Belfast Telegraph

Joanna Lumley blasts return of hard border in Ireland as she joins the Dalai Lama in Londonderry

By Donna Deeney

Joanna Lumley has said there should be no return of the border between Northern Ireland and the Republic.

The Absolutely Fabulous star joined the Dalai Lama in Londonderry to celebrate the 20th anniversary of Children in Crossfire charity, which helps impoverished young people in the developing world.

The Derry-based charity was set up by Richard Moore, who was blinded aged 10 in 1972 as he walked home from school by a rubber bullet fired by a soldier.

Mr Moore - who has previously been described as "my hero" by the Dalai Lama - has family connections in Co Donegal, just across the border from the Maiden City.

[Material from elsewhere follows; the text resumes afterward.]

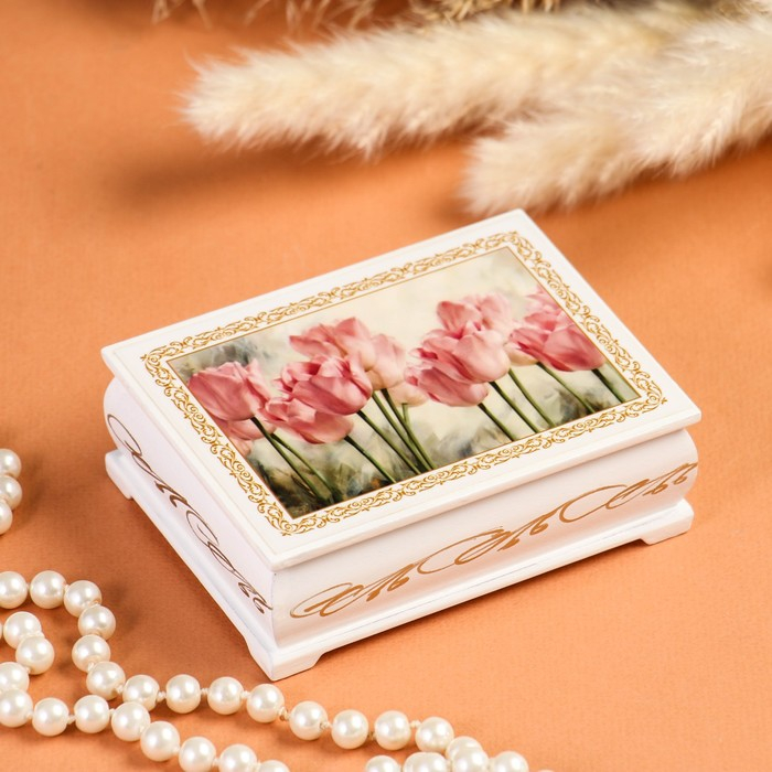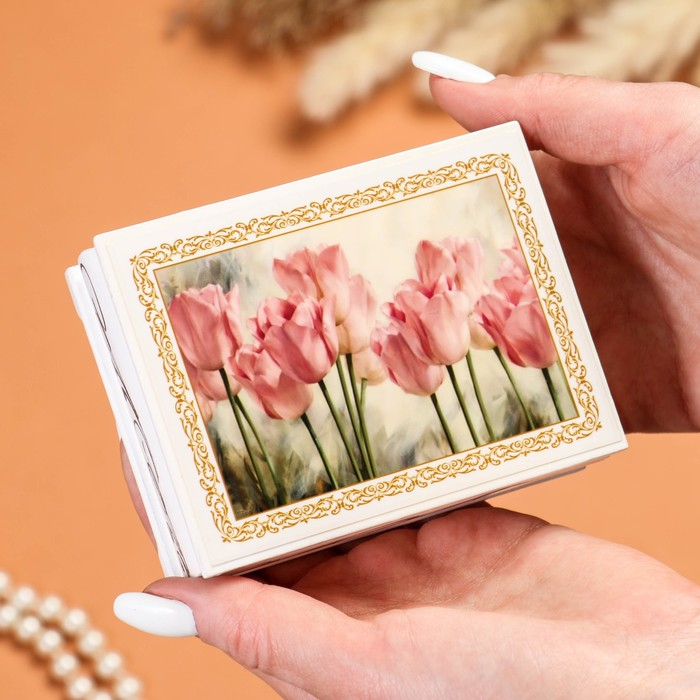 Шкатулка «Тюльпаны», белая, 8×10,5 см, лаковая миниатюра

As negotiations over Brexit continue, many people and businesses in Derry have expressed serious concerns over how a return to the customs borders of the past could affect them.

The border city will be one of the worst hit if hard frontier controls are reintroduced on porous and invisible crossing points.

Ms Lumley said: "I don't think we - and that means all of us - should allow that border to be returned."

"People say, 'Oh, but it is Brexit and stuff'.

"The European Union was set up by the people who make the rules and it can be picked apart by people who made the rules.

"That border does not actually exist, borders actually do not exist in the world - we have invented them.

"We have named these people this name and those people that name, got a piece of paper to go between, 'Oh, your government does not like this'.

"The border will not come back and if we can agree that, then that will be that."

The actress also voiced her support for the work being carried out by Children in Crossfire and said she has, like the Dalai Lama, been a long-time admirer of the organisation's founder, Mr Moore.

She said a speaker from Ethiopia had been denied access to speak at the Londonderry conference.

She added: "What is happening to us? This is crazy, so the first thing we say is that there will be no further border, we go on, we deal with whatever it is, the border will not come back."

Earlier, the Dalai Lama had called for morals and ethics to be added to the curriculum of secular schools.

He said: "Unfortunately the existing education system is about material wealth and not inner health so now the education system should include the taking care of our mental health.

"This should include the emotions, all the trouble start with emotions - anger, hate, fear.

"People think anger is our nature, but our basic nature is more about compassion and the reality is we have to live side by side on this planet.

"Whether or not we like each other we have to live side by side so use common sense and use our intelligence and not anger and violence.

"With warm heartedness and intelligence combined I think we can work out all difficulties.

"Secular eduction should include moral education, moral ethics - this will lead to a happier person, happier family and a happier community."

Mr Moore said the importance of the Dalai Lama's visit was enormous.

"At the centre of what his holiness is about is trying to help others raise issues around children that suffer from the injustice of poverty," he said.

"In 2010, his holiness talked about the importance of educating the heart and the work we have engaged in since then is trying to help children is to engage with global poverty issues not only from the mind but from the heart.

"Only when you connect the heart and the mind will you have a more sustainable and authentic approach to how we solve poverty.

"His holiness being in Derry will draw attention to children in the parts of the world that Children in Crossfire are trying to help and also help move forward that we need to respond to the need of others not just from the mind but also from the heart," he added.